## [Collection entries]
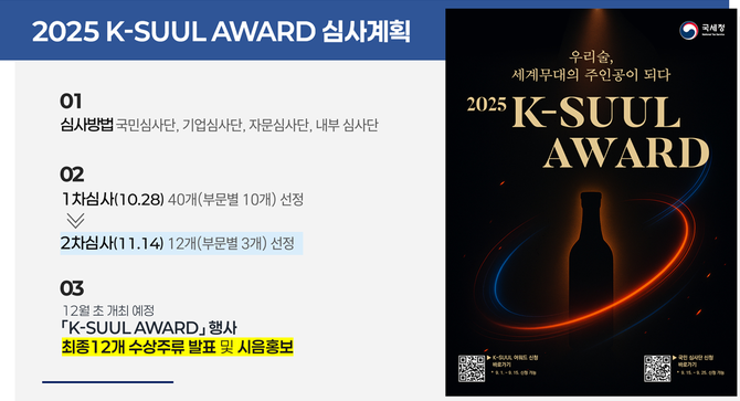 우리 술 해외진출을 지원하기 위해 중소기업을 대상으로 ‘K-SUUL AWARD’를 개최하고, APEC 등 국제행사에서 우리 술을 홍보한다.
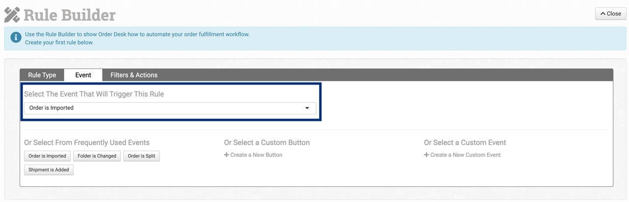 In the Event tab in the section titled Select The Event That Will Trigger This Rule, select Order is Imported.
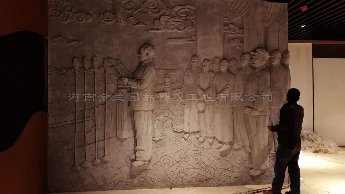 作为长子县党建展厅的重点建设项目,该浮雕的落地离不开金兰园林景观与总承包单位的紧密协作。从设计方案的政治严谨性审查到施工过程中的安全把控,双方建立了高效的沟通机制,左总带领团队多次深入现场,协调展厅空间布局与浮雕安装细节,确保艺术效果与功能需求的完美统一。这种基于专业信任的合作模式,不仅保障了项目按期高质量完成,更成为新时代政企携手传承红色文化的典范。
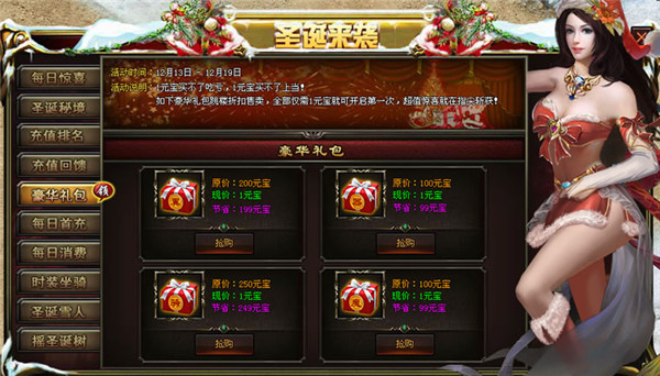 【活动内容】:活动期间,总共有4个系列的礼包,每个系列包含5重礼包,分别需要消耗1、888、4888、8888、18888元宝购买。使用礼包可获得大量道具,礼包超低折扣价!
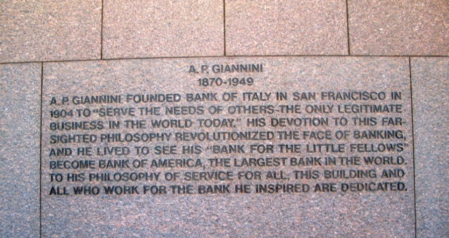 Nel 1904 Giannini fondò la Bank of Italy. Fu tra i primi banchieri a prestare soldi alla middle-class e agli immigrati, agli imprenditori del domani, cercando nei loro occhi il drive che assicurasse che avrebbero fatto di tutto per avere successo e restituire il prestito che chiedevano, senza possibilità di garantire collaterali e a volte basandosi su una semplice stretta di mano…
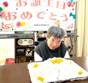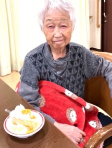 ケーキとプレゼントを贈られたS様、笑顔見られとても嬉しそうです😊
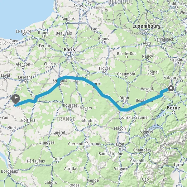 Prendre à droite et rejoindre A36 E54 E60. Continuer sur 222 kilomètres
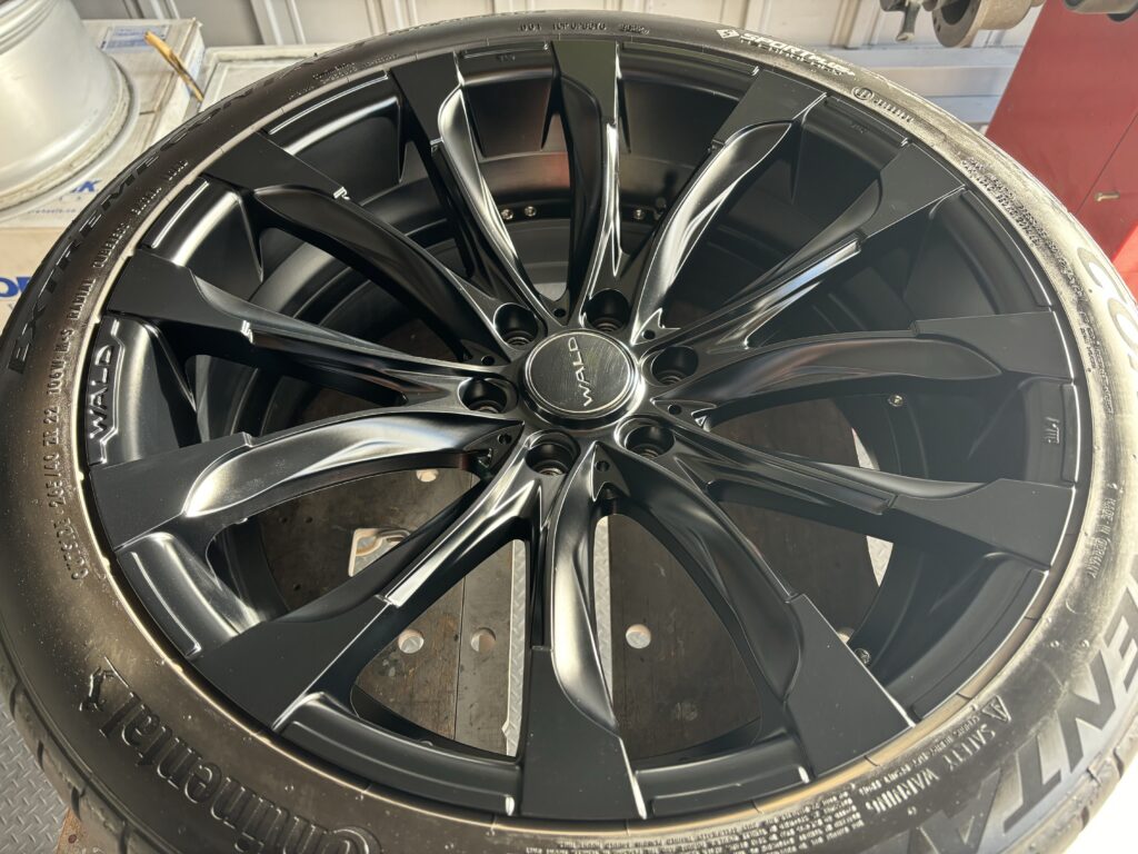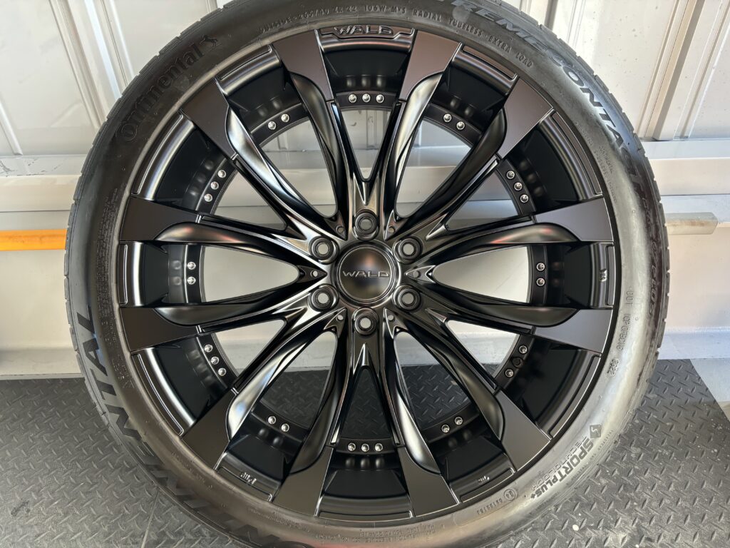 本日はトヨタ・プラドに装着のWDLD(ヴァルド)ジャレット22inchマットブラックアルミホイールガリキズをマットブラック塗装でリペアさせていただきました。
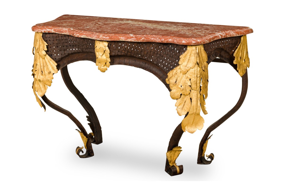 2 French Art Deco console tables with wrought iron frames featuring basket woven aprons resting on cabriole wrought iron legs, accented with gilt iron leaves and central medallions and topped with shaped blush marble tops. (PRICED EACH)
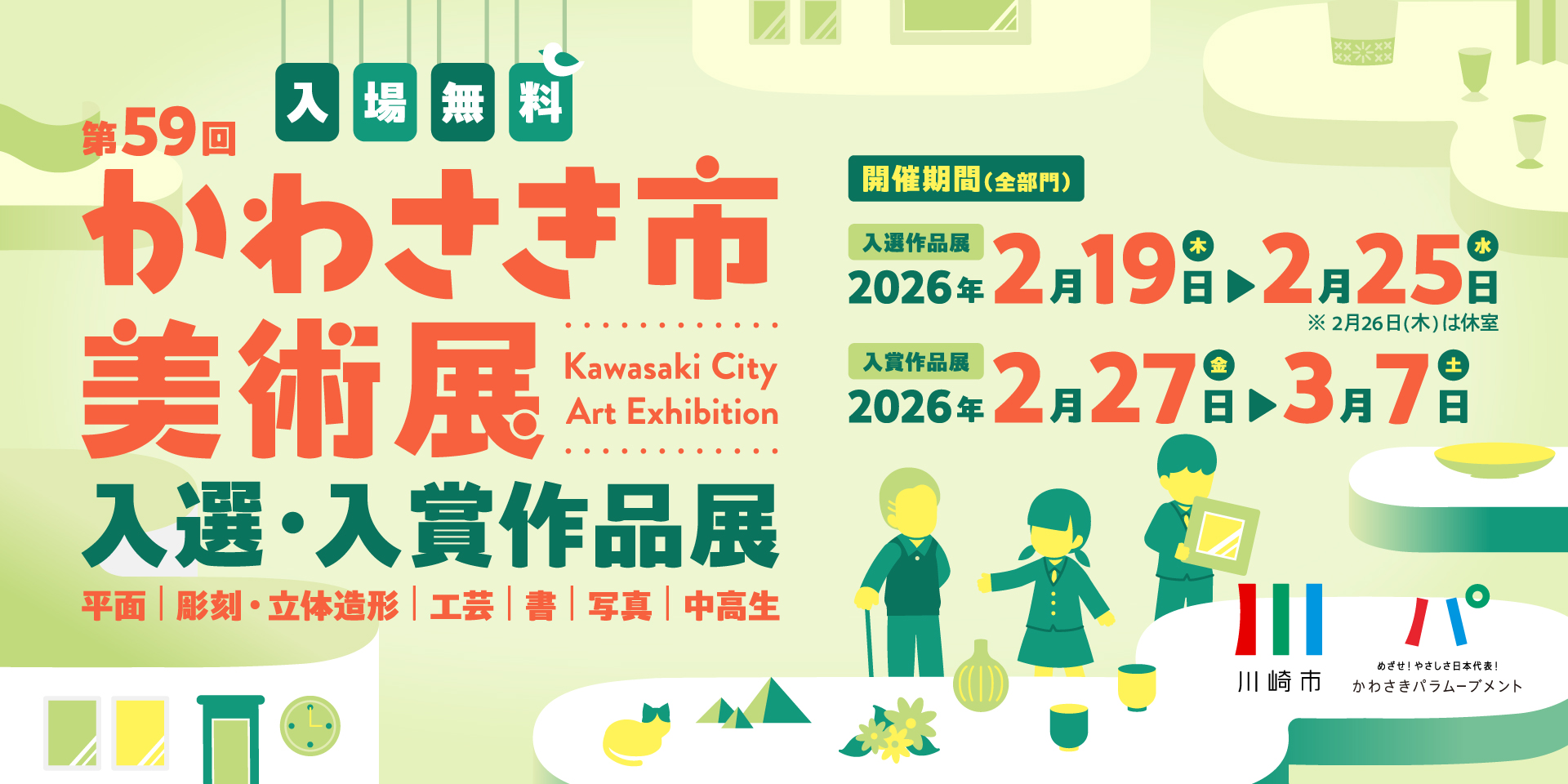 今回で59回目を迎える「かわさき市美術展」は、市民文化の発展に寄与すると共に、創作・鑑賞を通じた交流を目的とした、川崎市で最も歴史のある公募展です。 今年度も引き続き、川崎市に在住・在勤・在学、または市内で制作活動をしている方を対象に作品を募集します。
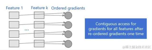 - 首先,所有的特征都采用相同的方法获得梯度(区别于不同特征通过不同的索引获得梯度),只需要对梯度进行排序并可实现连续访问,大大提高了缓存命中;
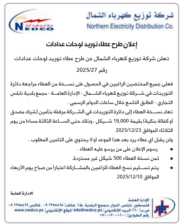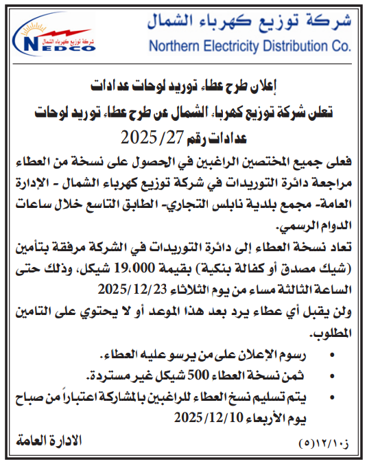 تعلن شركة توزيع كهرباء الشمال عن طرح عطاء توريد لوحات عدادات رقم 2025/27
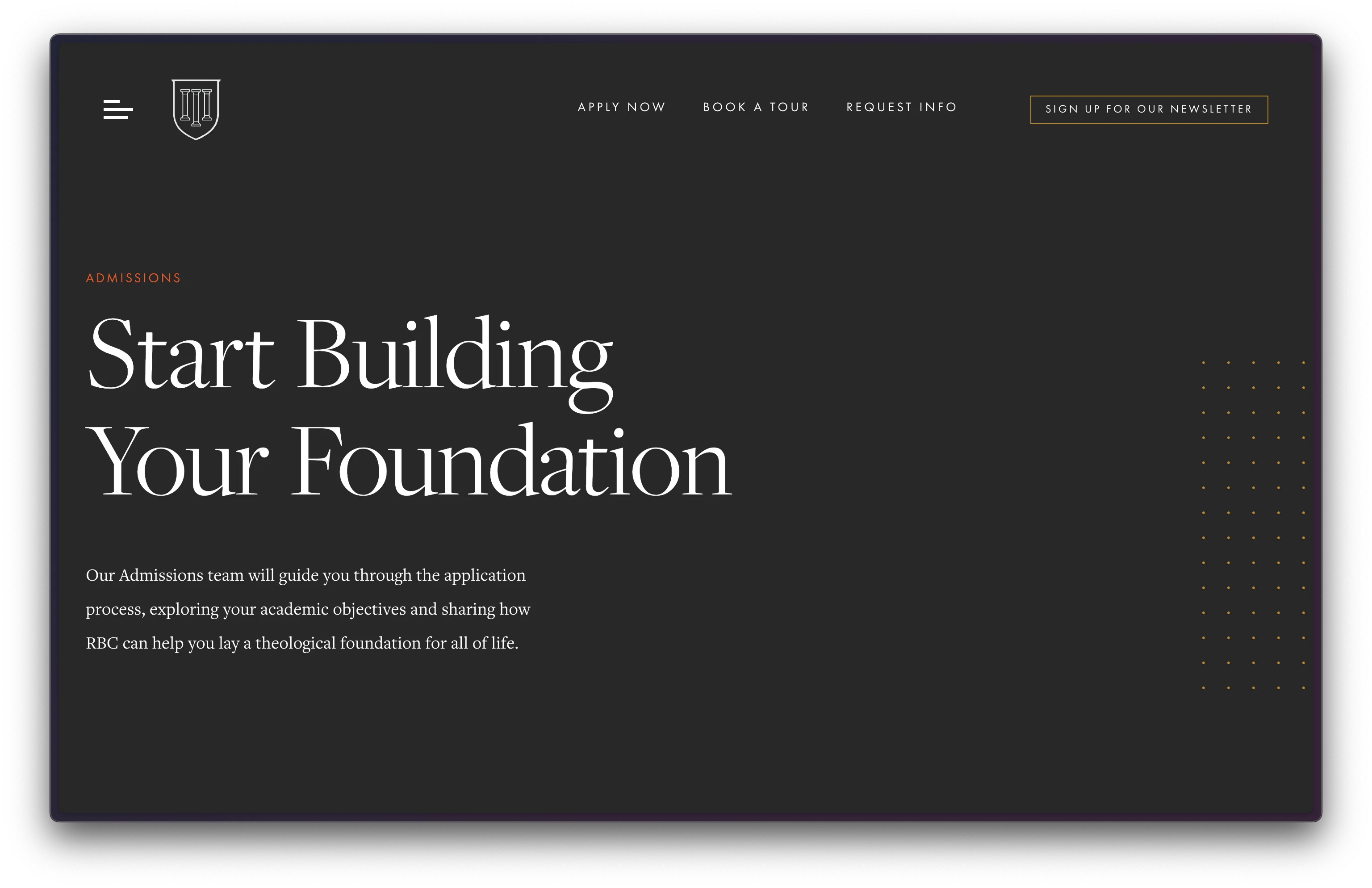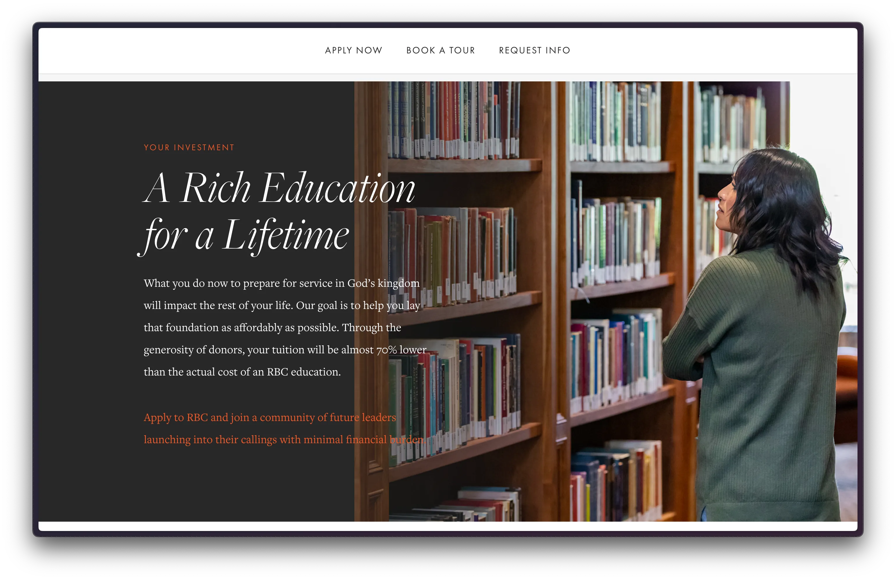 As a confessional, Reformed Evangelical college, with the whole purpose of training students to know that theology is for life, RBC needed an aesthetic that would help them stand out as a beacon of light across the higher education landscape.
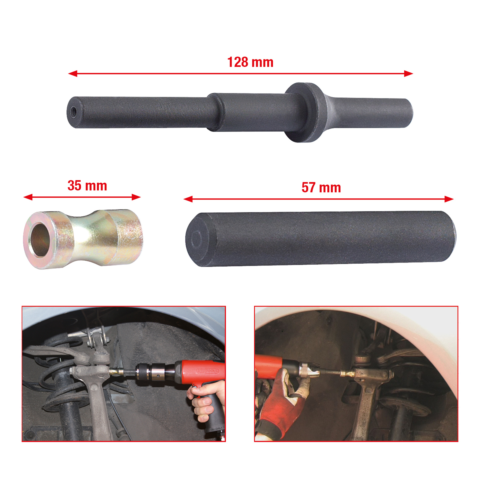 - zum Austreiben der Klemmschraube in der Vierlenkervorderachse speziell bei VAG Fahrzeugen

## [What you will do]
The records above, minus their pictures, are to be returned verbatim.

## [Completed task]
 우리 술 해외진출을 지원하기 위해 중소기업을 대상으로 ‘K-SUUL AWARD’를 개최하고, APEC 등 국제행사에서 우리 술을 홍보한다.
 In the Event tab in the section titled Select The Event That Will Trigger This Rule, select Order is Imported.
 作为长子县党建展厅的重点建设项目,该浮雕的落地离不开金兰园林景观与总承包单位的紧密协作。从设计方案的政治严谨性审查到施工过程中的安全把控,双方建立了高效的沟通机制,左总带领团队多次深入现场,协调展厅空间布局与浮雕安装细节,确保艺术效果与功能需求的完美统一。这种基于专业信任的合作模式,不仅保障了项目按期高质量完成,更成为新时代政企携手传承红色文化的典范。
 【活动内容】:活动期间,总共有4个系列的礼包,每个系列包含5重礼包,分别需要消耗1、888、4888、8888、18888元宝购买。使用礼包可获得大量道具,礼包超低折扣价!
 Nel 1904 Giannini fondò la Bank of Italy. Fu tra i primi banchieri a prestare soldi alla middle-class e agli immigrati, agli imprenditori del domani, cercando nei loro occhi il drive che assicurasse che avrebbero fatto di tutto per avere successo e restituire il prestito che chiedevano, senza possibilità di garantire collaterali e a volte basandosi su una semplice stretta di mano…
 ケーキとプレゼントを贈られたS様、笑顔見られとても嬉しそうです😊
 Prendre à droite et rejoindre A36 E54 E60. Continuer sur 222 kilomètres
 本日はトヨタ・プラドに装着のWDLD(ヴァルド)ジャレット22inchマットブラックアルミホイールガリキズをマットブラック塗装でリペアさせていただきました。
 2 French Art Deco console tables with wrought iron frames featuring basket woven aprons resting on cabriole wrought iron legs, accented with gilt iron leaves and central medallions and topped with shaped blush marble tops. (PRICED EACH)
 今回で59回目を迎える「かわさき市美術展」は、市民文化の発展に寄与すると共に、創作・鑑賞を通じた交流を目的とした、川崎市で最も歴史のある公募展です。 今年度も引き続き、川崎市に在住・在勤・在学、または市内で制作活動をしている方を対象に作品を募集します。
 - 首先,所有的特征都采用相同的方法获得梯度(区别于不同特征通过不同的索引获得梯度),只需要对梯度进行排序并可实现连续访问,大大提高了缓存命中;
 تعلن شركة توزيع كهرباء الشمال عن طرح عطاء توريد لوحات عدادات رقم 2025/27
 As a confessional, Reformed Evangelical college, with the whole purpose of training students to know that theology is for life, RBC needed an aesthetic that would help them stand out as a beacon of light across the higher education landscape.
 - zum Austreiben der Klemmschraube in der Vierlenkervorderachse speziell bei VAG Fahrzeugen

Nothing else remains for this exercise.